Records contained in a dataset
-------

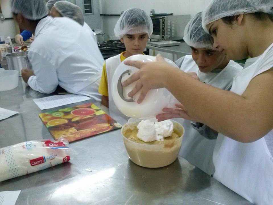 Alunos do turno da manhã que vieram na escola no turno da tarde para aprender a preparar alimentos com a professora Sofia Hoffmann.
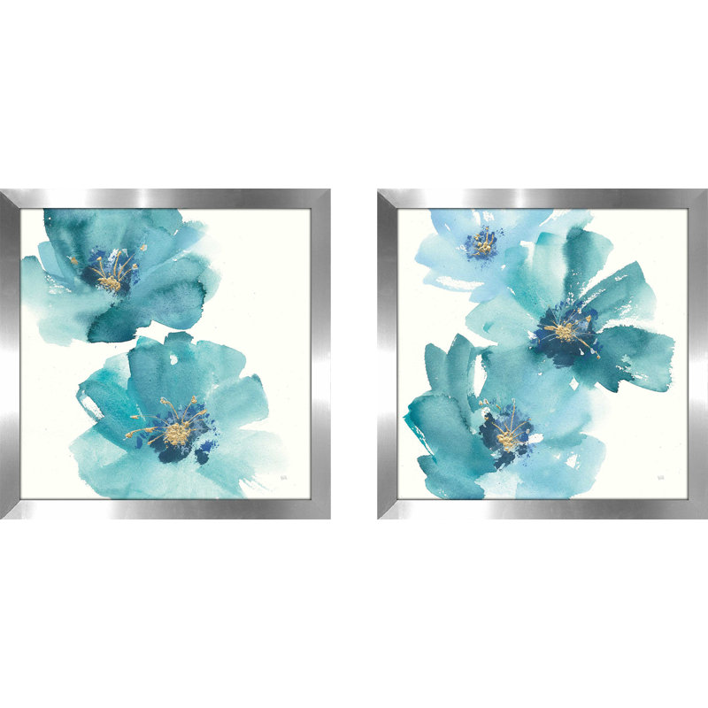 No green thumb? No problem! Get that garden-worthy grace in your space without ever having to water with this two-piece painting print set. Showcasing two matching, yet distinctive, flower scenes, they offer splashes of blue and gold against a white background. Made in North America, these pieces are printed on paper and highlighted by square polystyrene frames finished in silver for a look that rivals any gallery, whether set side by side or split up.
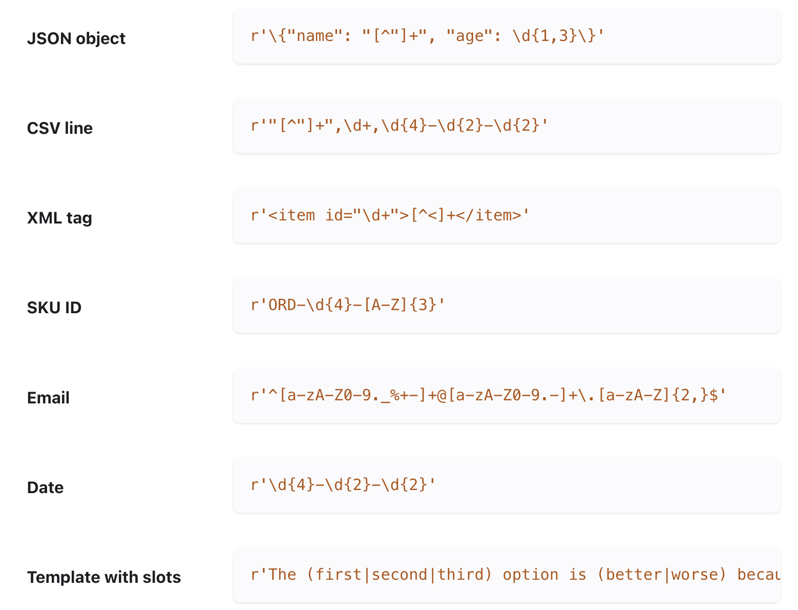 For finer control, our API also supports setting up exact regex / grammars for specific values in the output using constrained decoding.
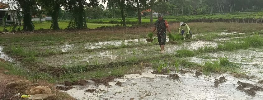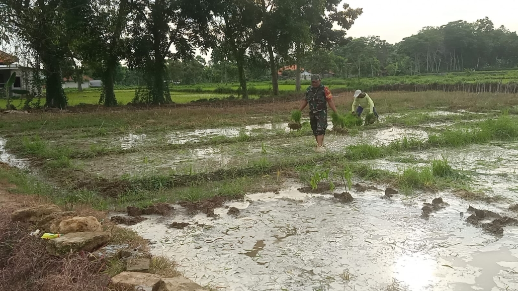 Sertu Moh Fauzi Bantu Warga Desa Taraban Proses Penanaman Padi Secara Langsung
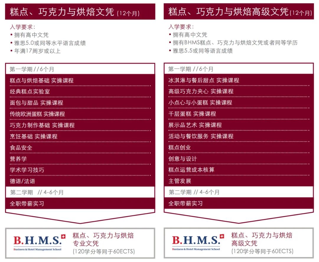 大一和大二分为 “西方美食艺术” 和 “糕点、巧克力与烘焙” 两个专业方向;大三则合并为“西方美食艺术”专业,毕业后颁发相应的学士学位证。
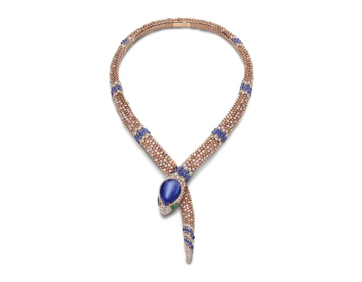 Serpenti高级珠宝项链,玫瑰金镶嵌梨形凸面形切割蓝宝石、祖母绿、圆形凸面形切割蓝宝石,饰以密镶钻/Bulgari。
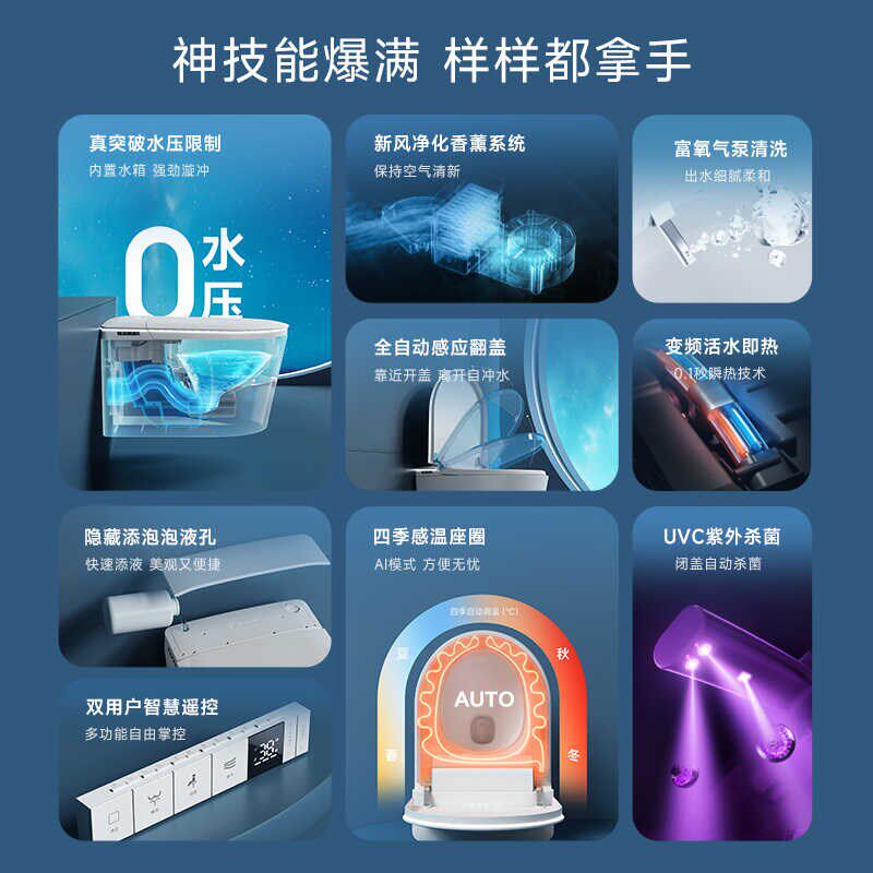 【无需预埋水箱】悬空无水压限制内置泡沫盾全自动壁挂式智能马桶
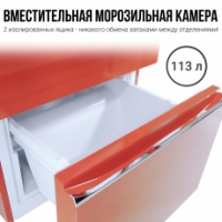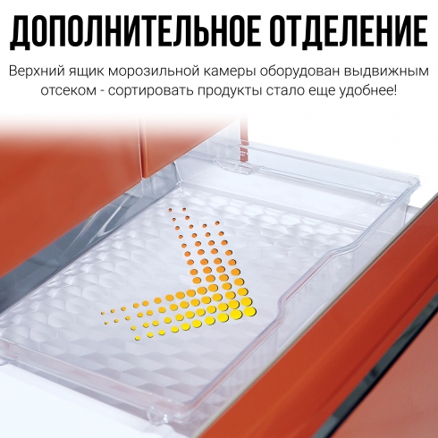 Верхний ящик морозильной камеры оборудован выдвижным отсеком - сортировать продукты стало еще удобнее! Здесь можно хранить компактные упаковки, например, мороженое, замороженные полуфабрикаты, масло, молоко или лёд.
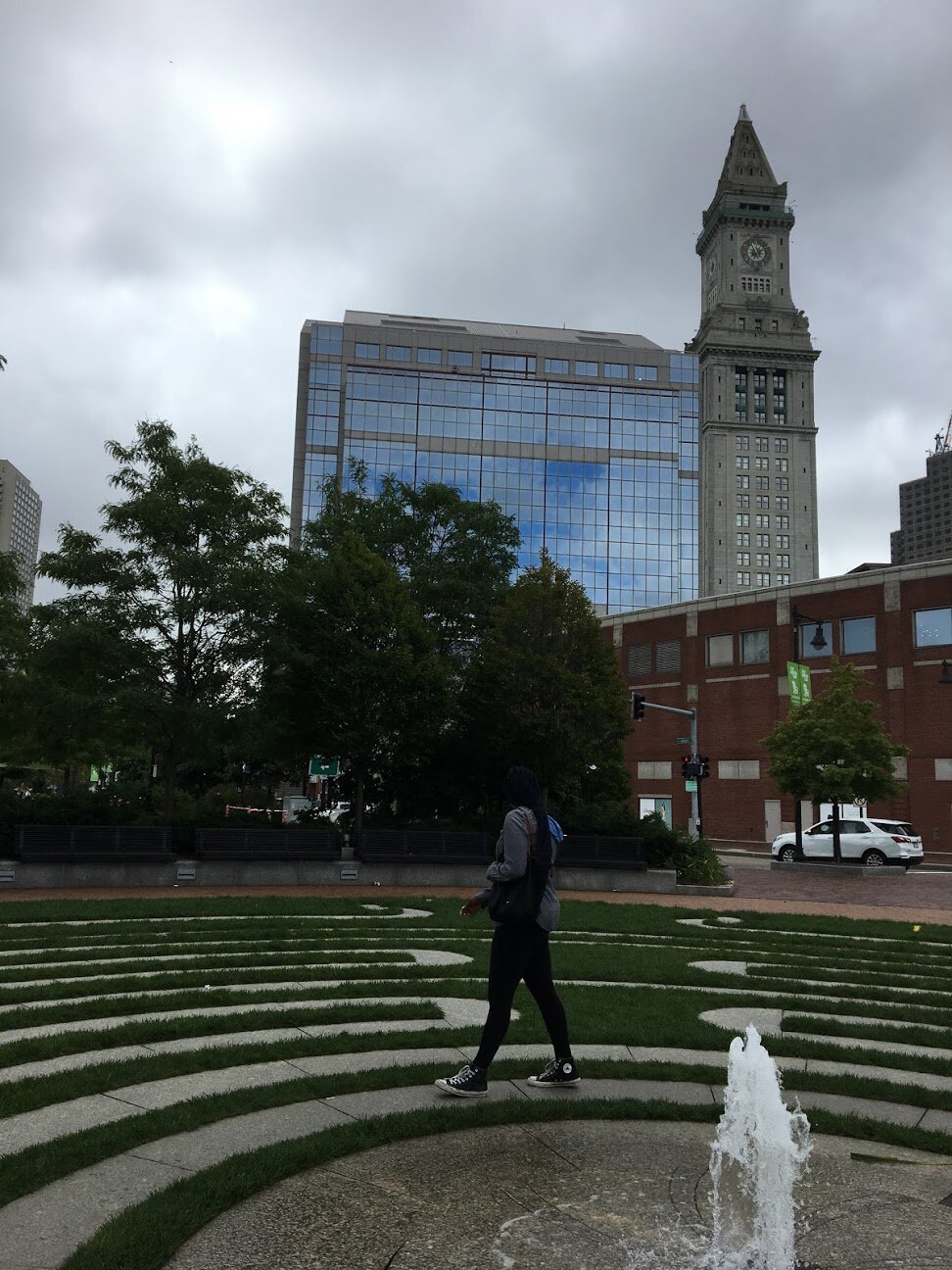From there we headed out on what turned out to be an unexpectedly adventurous day. We crossed the street to the Rose Kennedy Greenway, a long strip of greenery that cuts through Boston, a lovely by-product of the Big Dig. It’s dotted with unexpected diversions. We walked past the fountains and people swinging on the swings. We walked the labyrinth and saw the carousel. Walked through a garden, misted on a timer, trying not to get wet. We walked through a beer garden, not open for the day yet. Past a futuristic car with no wheels—a random piece of art—as well as lots of pig sculptures. When it started to rain, we opened our umbrellas and snapped pictures of the greenery and skyscrapers.

-------

■ Your goal
An exact copy of the entries above is needed, with the pictures removed.

■ Result of this task
 Alunos do turno da manhã que vieram na escola no turno da tarde para aprender a preparar alimentos com a professora Sofia Hoffmann.
 No green thumb? No problem! Get that garden-worthy grace in your space without ever having to water with this two-piece painting print set. Showcasing two matching, yet distinctive, flower scenes, they offer splashes of blue and gold against a white background. Made in North America, these pieces are printed on paper and highlighted by square polystyrene frames finished in silver for a look that rivals any gallery, whether set side by side or split up.
 For finer control, our API also supports setting up exact regex / grammars for specific values in the output using constrained decoding.
 Sertu Moh Fauzi Bantu Warga Desa Taraban Proses Penanaman Padi Secara Langsung
 大一和大二分为 “西方美食艺术” 和 “糕点、巧克力与烘焙” 两个专业方向;大三则合并为“西方美食艺术”专业,毕业后颁发相应的学士学位证。
 Serpenti高级珠宝项链,玫瑰金镶嵌梨形凸面形切割蓝宝石、祖母绿、圆形凸面形切割蓝宝石,饰以密镶钻/Bulgari。
 【无需预埋水箱】悬空无水压限制内置泡沫盾全自动壁挂式智能马桶
 Верхний ящик морозильной камеры оборудован выдвижным отсеком - сортировать продукты стало еще удобнее! Здесь можно хранить компактные упаковки, например, мороженое, замороженные полуфабрикаты, масло, молоко или лёд.
From there we headed out on what turned out to be an unexpectedly adventurous day. We crossed the street to the Rose Kennedy Greenway, a long strip of greenery that cuts through Boston, a lovely by-product of the Big Dig. It’s dotted with unexpected diversions. We walked past the fountains and people swinging on the swings. We walked the labyrinth and saw the carousel. Walked through a garden, misted on a timer, trying not to get wet. We walked through a beer garden, not open for the day yet. Past a futuristic car with no wheels—a random piece of art—as well as lots of pig sculptures. When it started to rain, we opened our umbrellas and snapped pictures of the greenery and skyscrapers.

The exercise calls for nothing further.